In this game of Wild Card, writer Zadie Smith discusses the nature of regret.
SCOTT DETROW, HOST:
It is time for another conversation with our friends over at the Wild Card podcast. This time, host Rachel Martin talks with acclaimed writer Zadie Smith about her biggest regret and why strangers make her cry. Here’s Rachel.
(SOUNDBITE OF ARCHIVED NPR BROADCAST)
RACHEL MARTIN: One, two or three?
ZADIE SMITH: Two.
MARTIN: What emotion do you understand better than all the others?
SMITH: Gosh – regret (laughter).
MARTIN: Yeah.
SMITH: I think that’s the one I know very well, yeah. I think people’s lives are so profoundly shot through with regret. And you don’t – they don’t talk about it very often, particularly in America. It’s like a failure – right? – to…
MARTIN: Oh, it’s like a four-letter word. And when people bring up the idea of regret, you don’t…
SMITH: Yeah.
MARTIN: …Admit it because it’s made you who you are, etc., etc., etc.
SMITH: Yeah, yeah. I’m always hearing people on television saying, no regrets – sorry, not sorry. I’m like, wow, dude.
MARTIN: Yeah, I don’t believe that for one second.
SMITH: I am so sorry.
(LAUGHTER)
SMITH: I am so filled with regret. It must be amazing never to feel sorry.
MARTIN: Right.
SMITH: So yeah, regret is something that I really feel – if only for the simple and selfish fact that you get one life, you know?
MARTIN: Yeah.
SMITH: And I’m so hungry for life that I could live it, like, 10 times.

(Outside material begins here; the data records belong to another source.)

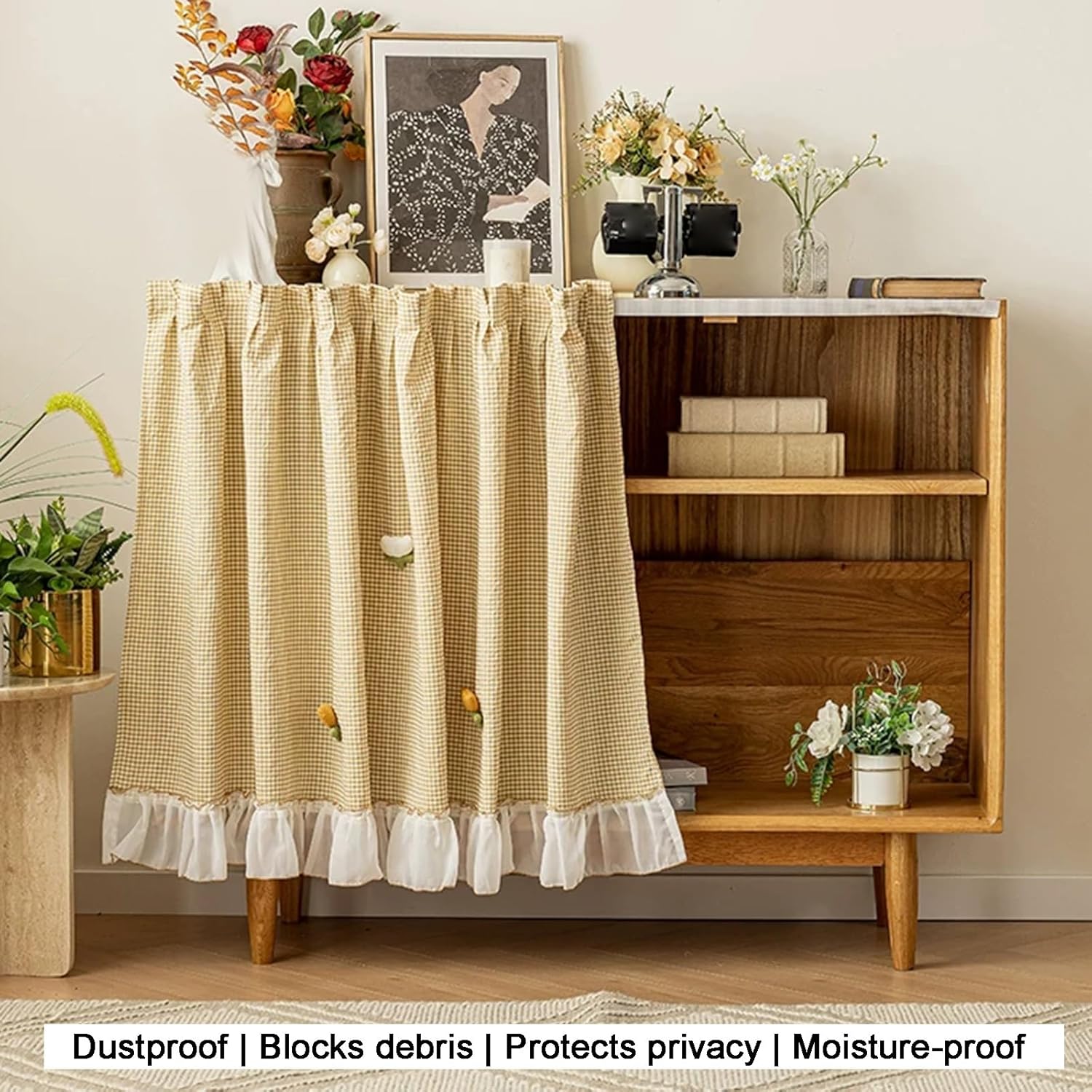 Shelf curtains combine the practical functions of dust protection, concealing clutter, providing privacy, and allowing for ventilation and easy opening and closing. At the same time, the natural folds give the curtains a layered and flowing look, softening the rigid lines of the shelves and enhancing the overall decor, thus upgrading both practicality and aestheticsSpecificationsMaterial: Lace materialProcess: Printing and dyeingFeatures: Pleated designMounting method: adhesive stripAdhesive strip width: 2cm/0.8inDimensions: Width x HeightWidth: 40-140cm/15.7-55inHeight: 60-120cm /23.6-47 inPackage Contents:1 x cabinet curtains
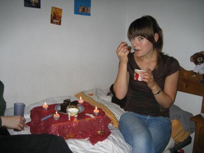 Dann wurden mir die Augen verbunden plötzlich, ich wurd in Sina Zimmer geführt (die natürlich zu haus war) und hab voll die tolle Überraschung mit Kerzen und Häagen Dazs Eis, Kuchen, Sekt und Geburtstagsliedern bekommen!:) Sooo toll!!
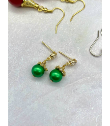 Сияние Еvoli, серьги с зеленой майоркой, позолота
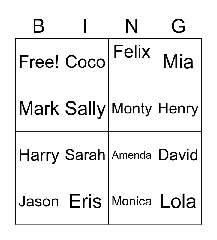 This bingo card has 16 words: Jason, Eris, Felix, Mia, Mark, Coco, Amenda, David, Free!, Sally, Monica, Henry, Harry, Sarah, Monty and Lola.
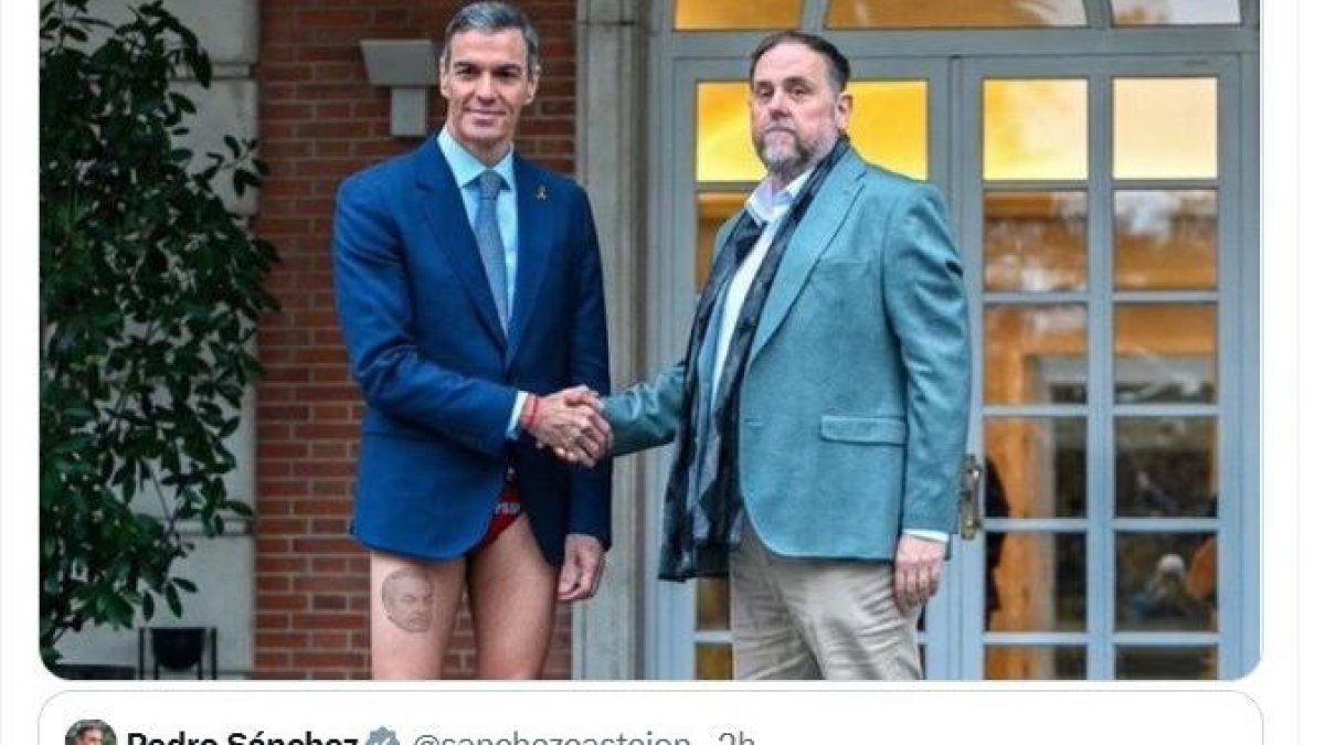 Nuevas Generaciones (NNGG), la organización juvenil del PP, ha difundido este jueves en la red social X una imagen de inteligencia artificial del presidente del Gobierno, Pedro Sánchez, sin pantalones ante el líder de Esquerra Republicana (ERC), Oriol Junqueras.
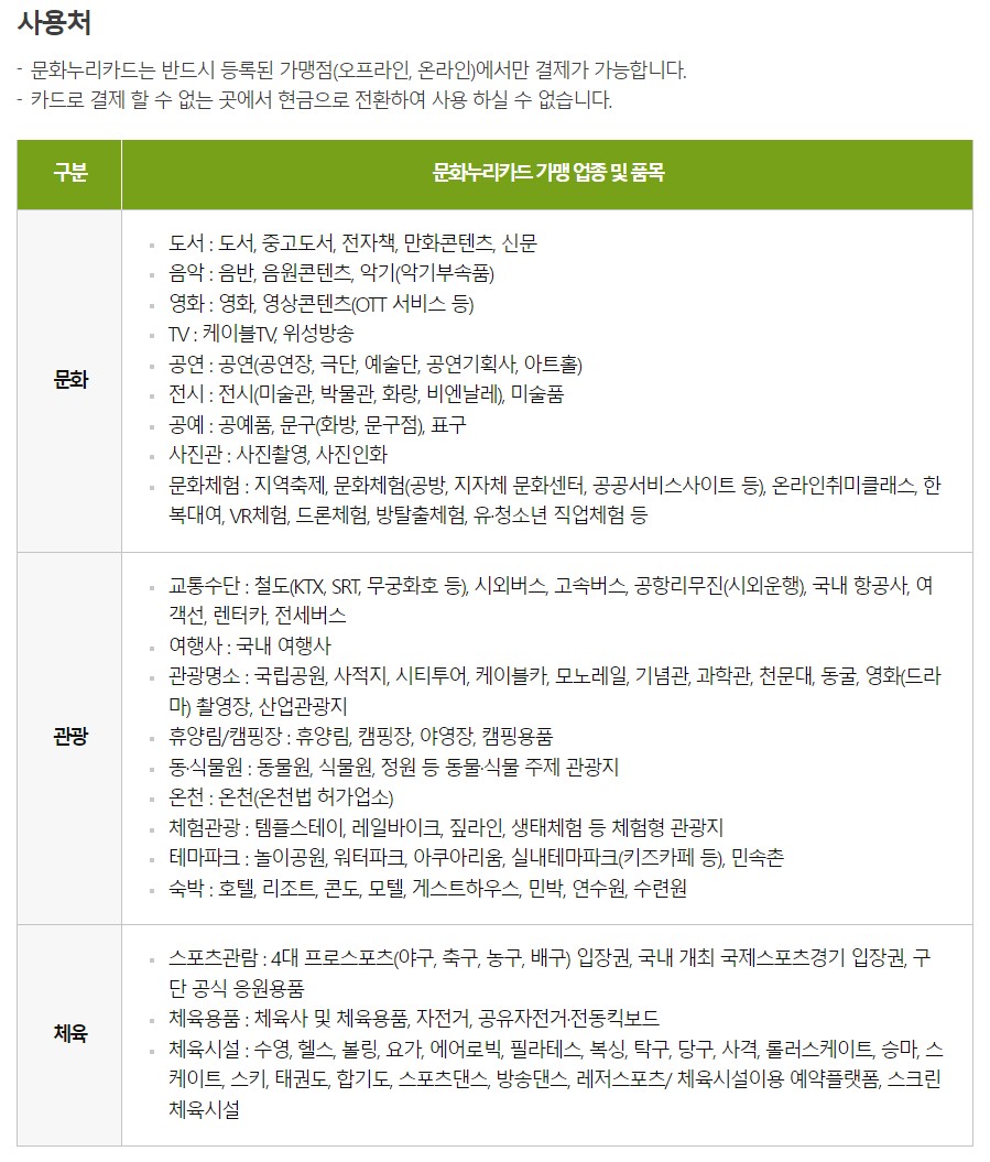 - 스포츠 경기장: 프로야구, 축구 등 스포츠 경기장에서도 문화누리카드 사용이 가능합니다.

And once is – you know, it’s a tough deal.
MARTIN: May I ask – if you’re willing to share – a thing that you wish you had done differently or that had gone differently?
SMITH: I – honestly, I just wish I was less selfish. Writing is a very selfish thing to have done with your time, and it takes up all the time. And I wish I had done a bit less of it or thought about what else I could have done with – in that time ‘cause it’s all I did. I just wrote and wrote and wrote and wrote and wrote and wrote and wrote, which is great, but there’s a lot of other things in life that you can do apart from that.
MARTIN: Yeah. It’s the bummer about time.
SMITH: Yeah.
MARTIN: That is going to bound (laughter).
SMITH: Yeah. But it’s cool. Like, once I realized it, like, I – I’ve taken steps. You know, I do other things now. I’m out in my community. I’m volunteering. I’m like, engaged.
MARTIN: Yeah.
SMITH: And it feels so much better than sitting at a desk just writing every day.
MARTIN: Well, it’s also lonely, I imagine, like, the – just what that work is.